Climate change does not start wildfires, but it creates the conditions that make these extreme events more frequent and severe. Across the globe, other countries have also experienced the impacts. Australia had unprecedented bushfires during its hot season six months ago, and Russia is currently fighting widespread fires in the boreal forests of Siberia. Ironically, the burning trees release more carbon into the atmosphere and thaw the methane-rich permafrost in the Arctic, adding to the heat-trapping pollution that is already making conditions worse.

The dryness that facilitates wildfires comes about from a combination of declining rainfall and hotter temperatures. After a strong start to the winter snow season, Colorado saw a sudden drop in precipitation during the spring. To make matters worse, the monsoon pattern that normally moistens and cools the Southwest never materialized, drying out the region for the third year in a row. These dry conditions were compounded by record heat through most of the West, bringing temperatures to nearly 130 degrees in Death Valley, California. About half of the reduced flow of the Colorado River over the past century is attributed to evaporation from higher temperatures rather than reduced precipitation.

“In Colorado, half the state is in severe or extreme drought conditions right now,” says Jennifer Balch, director of the Earth Lab at the University of Colorado Boulder. “Across the West, human-caused warming has effectively made fuels much drier and doubled the amount of Western forests that have burned since 1984.”

Smoke is the most visible impact of the new wildfire reality, but it affects more than just the view from your favorite mountain peak. The haze blocks sunlight during the day, and traps heat during the evening, so there are direct effects on the predicted temperatures downstream from the fires. There are also chemical reactions of the smoke in the atmosphere that have potential health impacts for firefighters near the blaze as well as kids at the school playground. When wildfires were smaller and less frequent, weather forecasters used simple rules of thumb to predict the local impacts of smoke on temperature and air quality. But with such events becoming increasingly common, a more sophisticated approach is needed.
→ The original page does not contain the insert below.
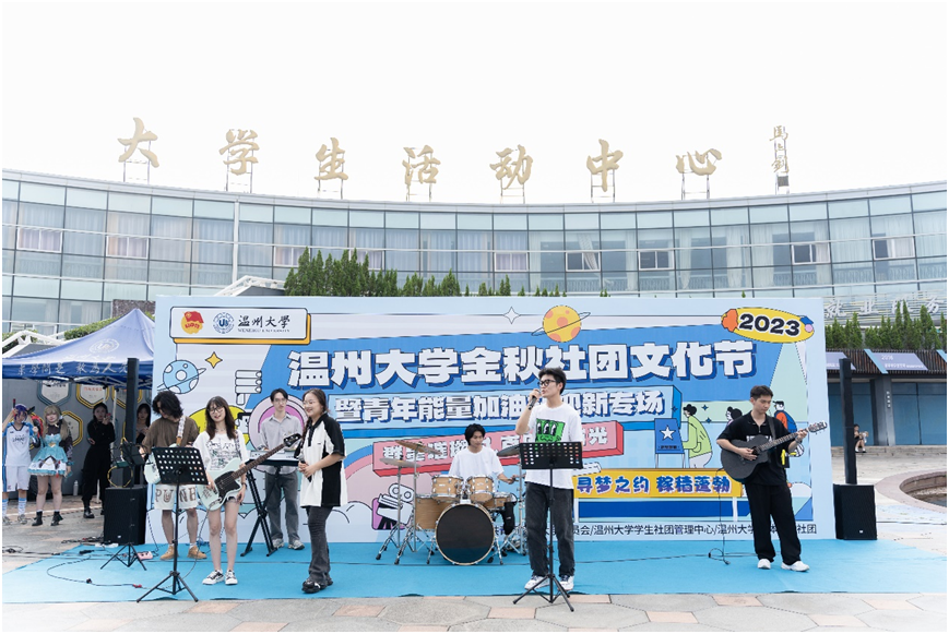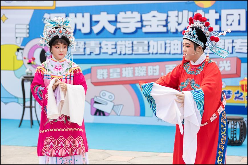 舞台区内,吉他协会、国标舞社等10余个学生社团带来的节目为现场的同学传递着青春的活力与能量,而由少妇白洁 红楼戏曲社、朗诵协会等学生社团带来的《打金枝》《红色的括苍山》等节目,则是让同学们沉浸式感受到中华优秀传统文化魅力及浙南浓厚的红色文化基因。

The National Weather Service at NOAA can now include smoke in its forecasts, as an experimental add-on to its High Resolution Rapid Refresh (HRRR) weather model. The HRRR model provides the data for most of the local weather forecasts across the nation, and it produces 48-hour projections of local conditions for every square mile of the country. To be as accurate as possible, the predictions are updated every four hours. The addition of smoke to the HRRR model changes regional temperatures, which has an influence on larger-scale wind patterns, and the smoke interacts with wind and rain as it moves through the atmosphere.

“The first step in the process is for satellites to detect the presence of a new wildfire,” says Curtis Alexander, a scientist at NOAA who leads the development of the HRRR. “The model has the wherewithal of understanding how the winds are going to transport the smoke downstream and disperse it over a three-dimensional depiction of the atmosphere.”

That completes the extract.